Activity 2: Biosecurity

  1. Using a projector, go through the last three elementary Bring Home the Blue, Not the Flu! modules—Fight Germs, Biosecurity: Keep Germs Out, and What Went Wrong at the Fair?—as a class, or have students work through the modules on individual computers.
  2. Ask the students if they have ever been to a county or state fair or a livestock show. Explain that 4-H and FFA programs provide opportunities for youth to raise and care for animals and participate in an animal show where they will be judged on the animal's care, health, and growth.
  3. Show the FFA & 4-H Students Show Skills at Junior National Livestock Show video.
  4. Divide the class into small groups. Provide each group with a stuffed animal, feed samples, and a bucket. Place the show equipment on a table. Explain to the groups that they need to get their animal ready for a show by completing the following tasks:
    • "Inspect" the animal to make sure it is ready for the show.
    • Mix different feed samples in the bucket.
    • Collect the equipment to bring to the show.
  5. Shine a black light on each student's hands to demonstrate how diseases can be spread by direct contact and from touching clothing, feed, buckets, equipment, fair food, etc. Demonstrate how pathogens can be spread by shoes by shining the black light throughout the room where students walked.
  6. Discuss the importance of handwashing and how and when to wash hands to prevent the spread of disease. Share the Five Steps to Wash Your Hands the Right Way.
    • Wet your hands with clean, running water (warm or cold), turn off the tap, and apply soap.
    • Lather your hands by rubbing them together with the soap. Lather the backs of your hands, between your fingers, and under your nails.
    • Scrub your hands for at least 20 seconds. Need a timer? Hum the "Happy Birthday" song from beginning to end twice.
    • Rinse your hands well under clean, running water.
    • Dry your hands using a clean towel or air dry them.
  7. Have the students wash their hands and then use the black light again.
  8. Invite the students to put on personal protective equipment (PPE) and repeat steps 4 and 5.
  9. Discuss how wearing PPE helps to prevent disease transmission.
  10. Use the information in the Background Agricultural Connections section to discuss ways to prevent direct contact, indirect contact, aerosol, oral, and vector-borne (infection transmitted to humans and other animals by blood-feeding anthropods, such as mosquitoes, ticks, and fleas) transmission.
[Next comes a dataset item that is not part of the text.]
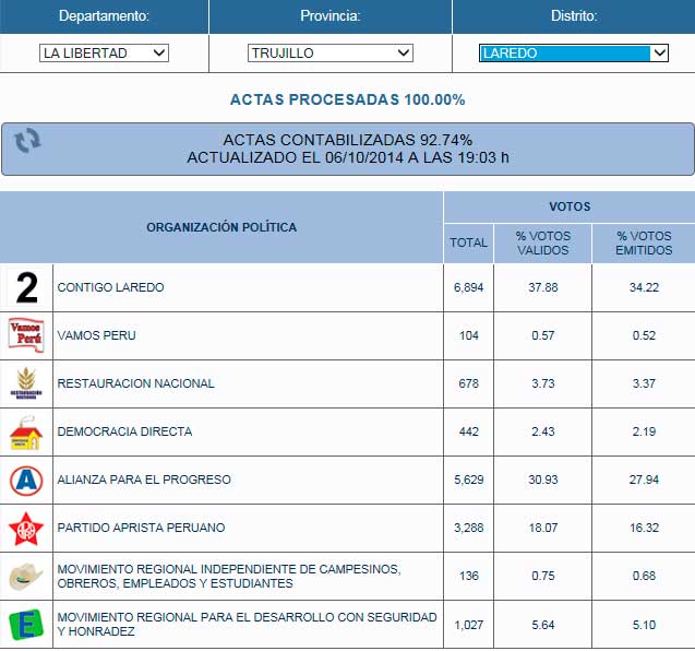 Resultados según la ONPE al 100 % en el distrito de Laredo

After conducting these activities, review and summarize the following key concepts:

  • Germs are tiny invaders that can get into our bodies and cause disease. 
  • Humans and animals can carry germs that can make each other sick.
  • Germs can spread in four main ways—touching, eating, through the air, and carried by bugs.
  • Washing your hands is one of the simplest and most effective ways to fight germs.


Activity 1 instructions were adapted from an activity developed by the Indiana State Department of Health.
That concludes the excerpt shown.